As illustrated in FIGS. 2A-2B, a heat shield 240 is positioned along a length of the housing 206 and within the volume 208. The heat shield 240, in this example, extends along the length of the housing 206 between the flame arrestors 212. In alternative examples, the heat shield 240 may be shorter (e.g., extend a length less than that between the flame arrestors 212) or longer (e.g., extend an entire length of the housing 206). Further, although the heat shield 240 is shown on one side of the housing 206, additional heat shields may be positioned within the housing 206 as well (e.g., at or against the housing 206 along all four lengthwise sides). Generally, the heat shield 240 may provide further insulation to heat and/or an additional barrier (along with the housing 206) to combustive fluids from escaping the module 200. For example, the heat shield 240 may be made of a high R-value material and/or non-flammable material with a high melting point and low smoke rating.

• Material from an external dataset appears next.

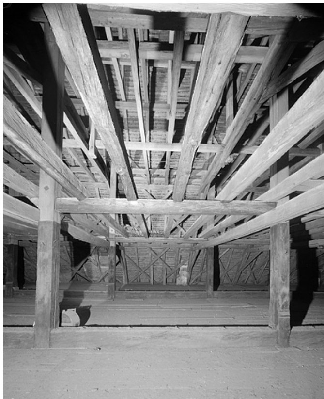
Charpente, vue latérale.

As with the battery module 100, although a front and back flame arrestor 212 are shown in this example, alternative implementations may include only one of the flame arrestors 212 (e.g., either the front or the back flame arrestor 212) or may include more than two flame arrestors 212 (e.g., an additional arrestor 212 between the BMS 204 and the second end member 226 or redundant flame arrestors 212 within the housing 206). Generally, each of the flame arrestors 212, like the flame arrestors 112, may include or be a screening member (e.g., mesh, screen, woven material, perforated sheet, porous element, and/or wire pad) that prevents or substantially impedes a flow of combusted fluid (e.g., a flame) from passing therethrough. The flame arrestors 212 may also remove energy from a flow of combusted fluid or flame. The flame arrestor 212 may be made of ceramic, metal, or other material with an appropriate melting point and smoke rating. The screening member includes apertures that allow an uncombusted airflow, such as airflow 214, to pass through while still preventing or impeding a flow of combusted fluid (e.g., electrolyte with or without oxygen). Further, in some aspects, the flame arrestors 212 may be positioned in the housing 206, and the housing 206 may be designed such that sufficient volume is available within the housing to allow substantially complete combustion of the flammable fluid to occur during electrolyte venting (as explained above).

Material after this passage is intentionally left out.